Chargement d’une remorque

Pour le transport fluvial, les tuiles étaient également transportées au port de chargement dans une remorque. Les plus gros bateaux, des péniches de 43 mètres de long, pouvaient transporter 90 000 tuiles, soit 270 tonnes de chargement. On descendait une palette au milieu du bateau et les hommes faisaient la chaîne pour les emmener au fond du bateau.

Chargement de briques et de tuiles sur les péniches avant 1914

 

La fabrication d’accessoires

Ils étaient fabriqués par des presses appelées presses à friction. Ces presses étaient munies de deux moules de bas et un moule de haut coulés avec du plâtre comme ceux des tuiles. On tournait la partie des deux moules de bas à la main. Ayant mis une galette de terre entre les deux moules, haut et bas, le moule de bas montait avec la galette sur le moule de haut. Ensuite ce moule descendait et l’accessoire était formé. Après, il fallait retourner ce moule pour décoller la pièce à l’aide d’un gabarit appelé châssis, et ébavurer à la main. Ensuite, les accessoires étaient entreposés sur des wagons qui, chargés, étaient envoyés dans le séchoir avec les autres produits, tuiles et briques. A la fin du séchage, ils étaient enfournés.

Il y avait plusieurs sortes d’accessoires : faîtières losangées, ½ rondes, arêtiers, tuiles à douille, lanternes, frontons, abouts de rives de faîtières, d’arêtiers, ½ tuiles panne et H14, écussons, chatières pour l’aération de la charpente, mitres, porte-poinçons, enfin tout ce qui pouvait mettre en valeur un toit rouge ou émaillé de certaines couleurs.

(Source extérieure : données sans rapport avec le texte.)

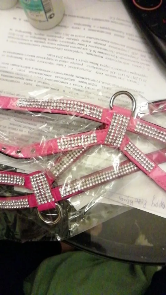 Очень гламурный пояс на животик и шею одновременно. Весь в бриллиантах. Не мерили пока моей чихе. Спит. Потом отпишусь. Думаю моей девочке понравится!!!

Avant, on fabriquait des hourdis et aussi des boisseaux pour les drainages ainsi que des petits et gros drains de 50 centimètres de long.

 

La fabrication des briques

Les briques étaient fabriquées par une petite mouleuse avec un malaxeur qui, par pression de la terre, sortait par une filière correspondant au produit à fabriquer, c’est-à-dire la forme de la brique. Il y avait plusieurs sortes de briques : 15/20 et 11/16 pour les murs, 5/16 appelée plâtrière et 5/8/11/20 appelée 4/8 qui servaient à faire les murs, mais aussi les cheminées couvertes avec une mitre et une lanterne. A part les 4/8, le reste des briques était coupé en longueurs de 40 centimètres.